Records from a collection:
[Start of Attachment]

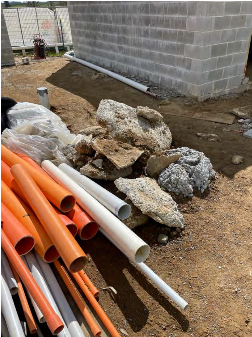
Photo 14 Concrete waste stockpile
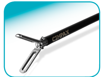
C-GRASP 22 mm jaw length
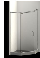
960 - Neo Angle Celesta Dresden Tresor
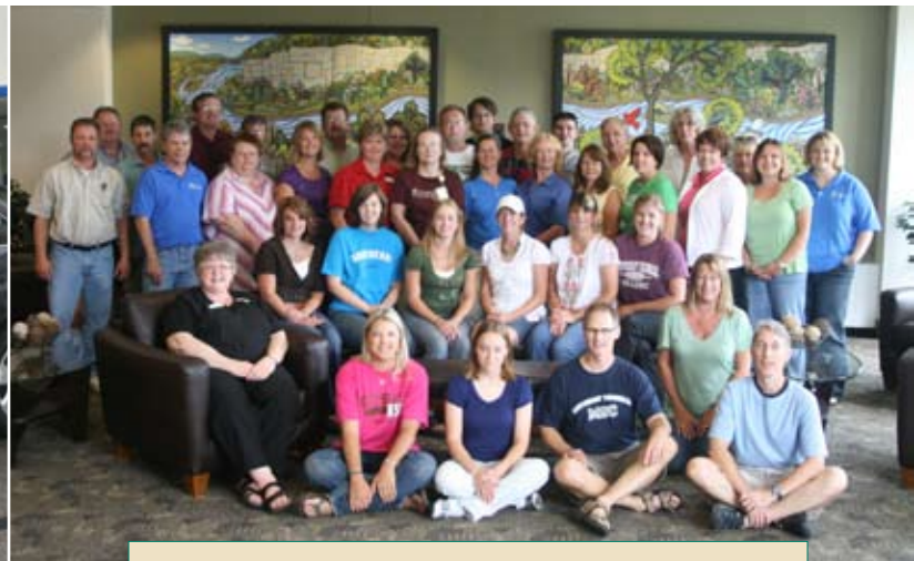
Southeast Technical, Winona and Red Wing
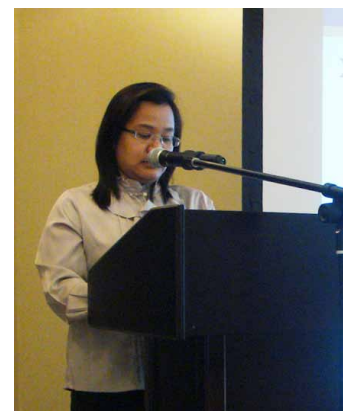
Representative from SEAFDEC presenting a paper during the Workshop

Meanwhile, the Workshop recognized the need to strengthen the collection of fisheries data in the BOBLME countries which could proceed by developing
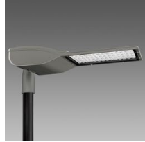
3474 Giovi M2 - street
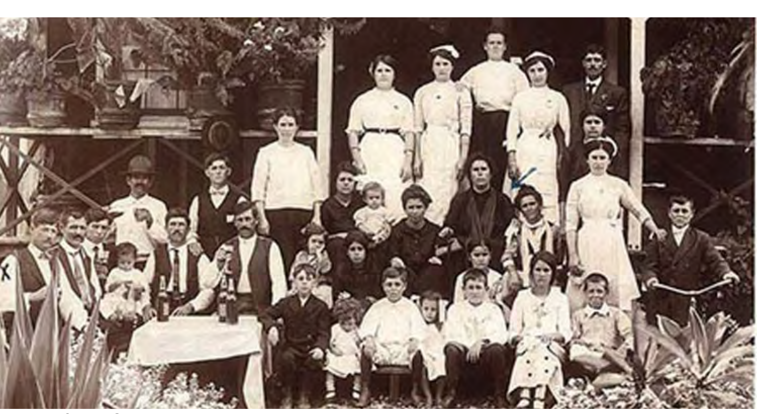
People of Little Spain
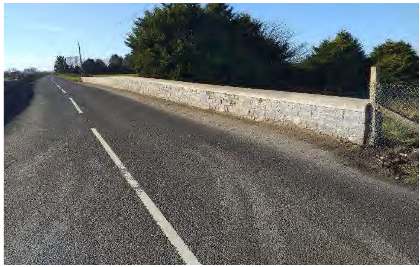
Completed scheme - Ballinlea Bridge, Ballycastle
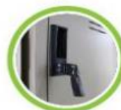
SLK-S114-HL Handle Cam Lock
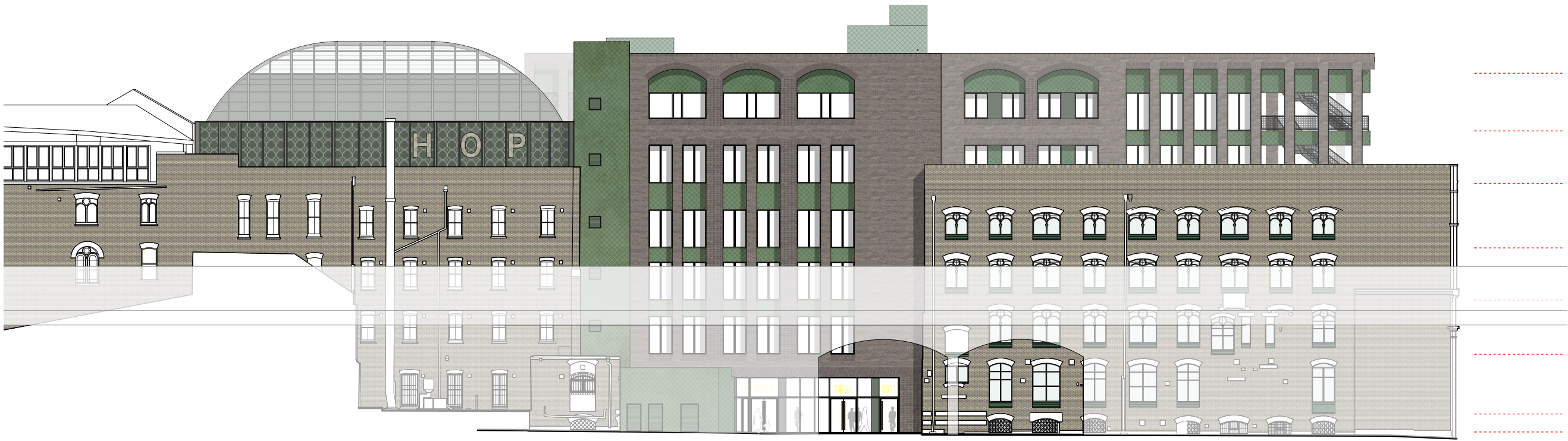
2 Proposed back elevation Scale: 1:300
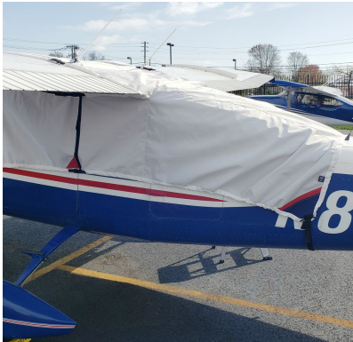
Cessna 205 Over The Top Style Canopy Cover

This cover type is made from Silver Acrylic Sunbrella canvas and is 100% lined with a soft and smooth microfiber. Bruce's Custom Covers developed this material combination especially for aircraft protection. The outer material is medium weight and treated for water resistance, UV resistance and anti-static buildup. The inner lining is a very soft and smooth microfiber to prevent scratching. The material is very reflective, and tests show that the cabin interior temperature can be reduced to near-ambient temperature on the hottest of days. It is water, ice and snow repellent, yet breathable to allow moisture to escape from between the cover and the aircraft surface.
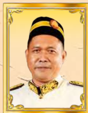
YB IR AIDEL BIN LARIWOO N.24 SADONG JAYA
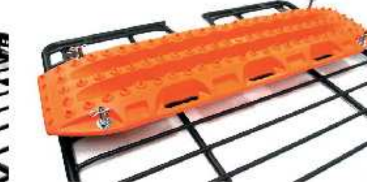
Maxtrax mount for the floor of tubing and mesh racks
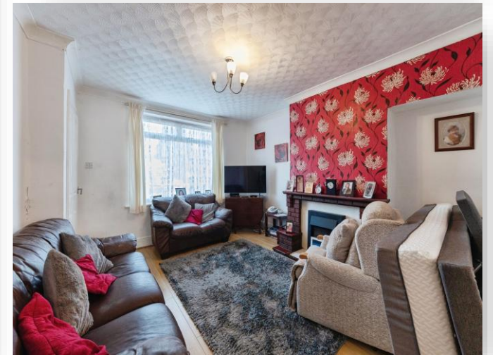
Mapleton Road, BIRMINGHAM B28 9RA
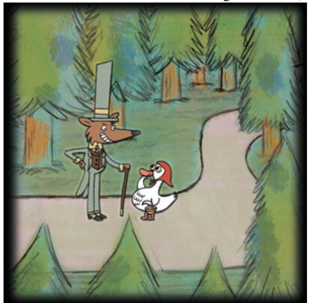
Test Background: Once the characters started to come into focus, it was time to go through the same process with the backgrounds...

Goodwolf Sketch: We use butcher-paper as our tablecloth, so that our family can doodle every night after dinner. (You can see some examples on the Mo Willems Doodles blog.) All of the characters seem to have taken over this night's dinner (I saved the drawing for later reference).
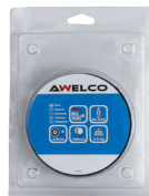
FLUX Ø0,9mm 0,5kg Cod. 92960 FLUX Ø0,9mm 1,0kg Cod. 92967
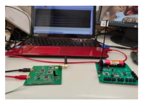
(Top) 400/433MHz LoRa receiver. Simplified version of the LoRa receiver on board the KITSUNE satellite (Bottom) Checking communication between the LoRa receiver and Ground Sensor Terminal (GST)

y research topic is the utilization of Long Range (LoRa), a new technique for satellite and ground communication. LoRa has various advantages such as enabling long range communication with low energy consumption and low costs compared to other similar technologies, which makes it very attractive for its applications to the Internet of Things (IoT).
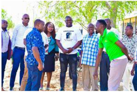
Breakout sessions during the youth empowerment sessions
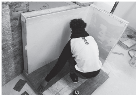
A student practices floor installation.

Students learn how to frame residential floors and walls, install sub-flooring, residential wiring and drywall. In addition, they place ceramic tiling, hardwood, vinyl and laminate flooring and design and install a tiled backsplash. This construction and woodworking course is one example of a learning choice that has a career-based focus. Opportunities like this help students practice and develop skillsets to help them now and in the future.
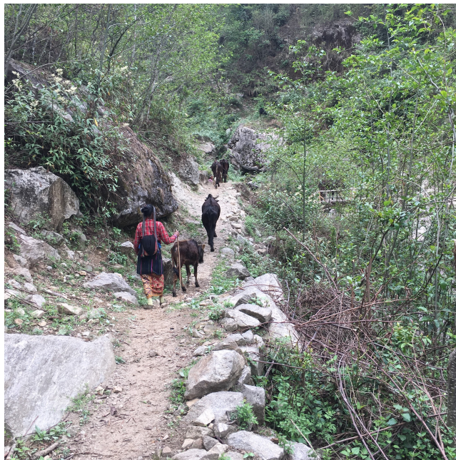
Figure 16: Dorgieaamaa herding cows into the jungle for grazing, Simigaau

I followed her a bit farther up the jangal pathway. We made our way to what seemed like the corner of the mountain – I looked out on what has become a very rungichungi 85 Simigaau with pops of orange, blue and “logo-ed” tarps marking goThs that would otherwise remain
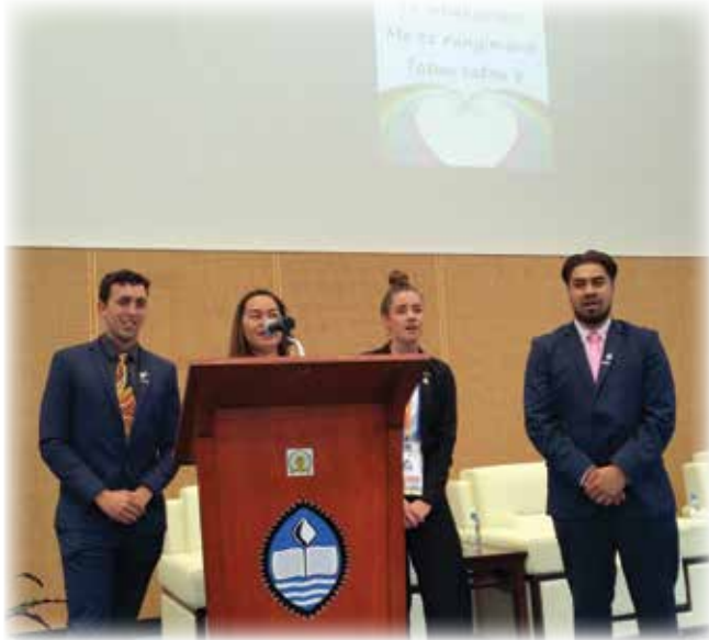
Team from APEC Voices New Zealand presenting their Economy Report at the APEC Voices 2018 Youth Summit.

The delegates were divided into four main groups, and each group was assigned to discuss and tackle issues related to various topics, namely: Harnessing Technology for a Better Future, the Role of Education in Preparing our Youth for the Future, Digital Innovation: Opportunities and Challenges for our Young People and Harnessing Inclusiveness: Challenges and Opportunities. The delegates then disbursed to various parts of the campus for their deliberations.
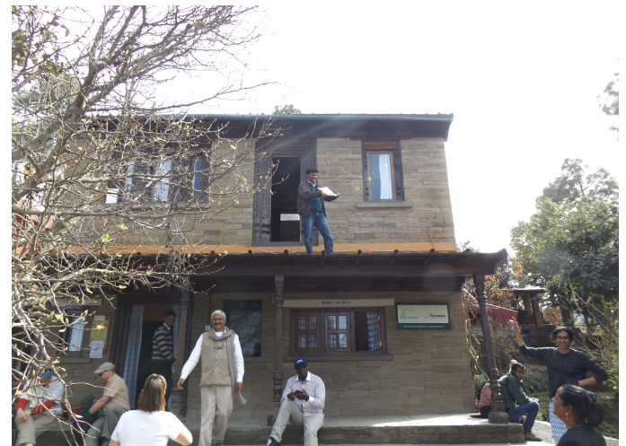
The Community Development practice exchange group stops in a village of Peora to learn about the community’s work with the Pan Himalayan Grassroots Development Foundation.

The integration of community enterprise with healthcare, education, improved livelihoods and environmental protection were strong features of all the CD organisations we visited on the exchange, where we saw sustainable development so clearly expressed we might have been looking at case studies for the UN Goals for sustainable development.
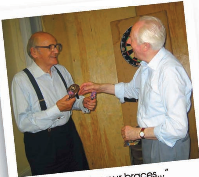
"Pin this to your braces..."
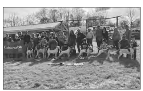
Youth Stake Participants

The Youth stake had the biggest gallery,

[End of Attachment]

* YOUR GOAL
Could you output every record above exactly as written, leaving out the pictures?

* RESULT OF THE TASK
Photo 14 Concrete waste stockpile
C-GRASP 22 mm jaw length
960 - Neo Angle Celesta Dresden Tresor
Southeast Technical, Winona and Red Wing
Representative from SEAFDEC presenting a paper during the Workshop

Meanwhile, the Workshop recognized the need to strengthen the collection of fisheries data in the BOBLME countries which could proceed by developing
3474 Giovi M2 - street
People of Little Spain
Completed scheme - Ballinlea Bridge, Ballycastle
SLK-S114-HL Handle Cam Lock
2 Proposed back elevation Scale: 1:300
Cessna 205 Over The Top Style Canopy Cover

This cover type is made from Silver Acrylic Sunbrella canvas and is 100% lined with a soft and smooth microfiber. Bruce's Custom Covers developed this material combination especially for aircraft protection. The outer material is medium weight and treated for water resistance, UV resistance and anti-static buildup. The inner lining is a very soft and smooth microfiber to prevent scratching. The material is very reflective, and tests show that the cabin interior temperature can be reduced to near-ambient temperature on the hottest of days. It is water, ice and snow repellent, yet breathable to allow moisture to escape from between the cover and the aircraft surface.
YB IR AIDEL BIN LARIWOO N.24 SADONG JAYA
Maxtrax mount for the floor of tubing and mesh racks
Mapleton Road, BIRMINGHAM B28 9RA
Test Background: Once the characters started to come into focus, it was time to go through the same process with the backgrounds...

Goodwolf Sketch: We use butcher-paper as our tablecloth, so that our family can doodle every night after dinner. (You can see some examples on the Mo Willems Doodles blog.) All of the characters seem to have taken over this night's dinner (I saved the drawing for later reference).
FLUX Ø0,9mm 0,5kg Cod. 92960 FLUX Ø0,9mm 1,0kg Cod. 92967
(Top) 400/433MHz LoRa receiver. Simplified version of the LoRa receiver on board the KITSUNE satellite (Bottom) Checking communication between the LoRa receiver and Ground Sensor Terminal (GST)

y research topic is the utilization of Long Range (LoRa), a new technique for satellite and ground communication. LoRa has various advantages such as enabling long range communication with low energy consumption and low costs compared to other similar technologies, which makes it very attractive for its applications to the Internet of Things (IoT).
Breakout sessions during the youth empowerment sessions
A student practices floor installation.

Students learn how to frame residential floors and walls, install sub-flooring, residential wiring and drywall. In addition, they place ceramic tiling, hardwood, vinyl and laminate flooring and design and install a tiled backsplash. This construction and woodworking course is one example of a learning choice that has a career-based focus. Opportunities like this help students practice and develop skillsets to help them now and in the future.
Figure 16: Dorgieaamaa herding cows into the jungle for grazing, Simigaau

I followed her a bit farther up the jangal pathway. We made our way to what seemed like the corner of the mountain – I looked out on what has become a very rungichungi 85 Simigaau with pops of orange, blue and “logo-ed” tarps marking goThs that would otherwise remain
Team from APEC Voices New Zealand presenting their Economy Report at the APEC Voices 2018 Youth Summit.

The delegates were divided into four main groups, and each group was assigned to discuss and tackle issues related to various topics, namely: Harnessing Technology for a Better Future, the Role of Education in Preparing our Youth for the Future, Digital Innovation: Opportunities and Challenges for our Young People and Harnessing Inclusiveness: Challenges and Opportunities. The delegates then disbursed to various parts of the campus for their deliberations.
The Community Development practice exchange group stops in a village of Peora to learn about the community’s work with the Pan Himalayan Grassroots Development Foundation.

The integration of community enterprise with healthcare, education, improved livelihoods and environmental protection were strong features of all the CD organisations we visited on the exchange, where we saw sustainable development so clearly expressed we might have been looking at case studies for the UN Goals for sustainable development.
"Pin this to your braces..."
Youth Stake Participants

The Youth stake had the biggest gallery,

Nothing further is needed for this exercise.